Below are data visualization strategis that includes metrics and plots of different kinds to estimate risk assessment:

1. A time series barplot by month and storm type is an effective option for visualizing which storm types are most likely to happen in a given month. We can also use a heatmap to visualize the relationship between storm type per month as well as a frequency table.
<br>
<br>
2. Because of the number of unique storm types, a density heatmap can be an effective tool to visualize the economic damange caused by storms. 
<br>
<br>
3. A choropleth map can be useful for visualizing which locations the storms are most likely to happen by plotting the count per geo location identifier.
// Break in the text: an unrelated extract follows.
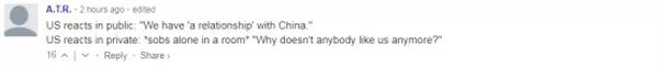 还有网友模仿起了美国的心理活动,“美国公开回应说:‘我们与中国有(自己的)‘关系’。美国私下反应:在房间里独自抽泣,‘为什么人们不再喜欢我们了?’”

A density heatmap is another tool we can use to visualize this data. 

In [3]:
#Creating df for contingency table and multiple plots below

month_event_df = df[['STATE', 'EVENT_TYPE', 'TOTAL_DAMAGE_DEFLATED', 'BEGIN_DATE_TIME','BEGIN_LOCATION', 'END_LOCATION']]#.dropna()

#Creating df copy to slice df accordingly. 
month_event_df = month_event_df.copy()

#Accessing month from BEGIN_DATE_TIME column as int64 for readibility
month_event_df['event_month'] = month_event_df['BEGIN_DATE_TIME'].dt.month.astype('Int64')

### No. 1 - Storm types likely to happen in a given month.

In [None]:
#Plotly density heatmap of storm types likely to happen in a given month

month_event_df_drop = month_event_df.dropna(subset=['event_month'])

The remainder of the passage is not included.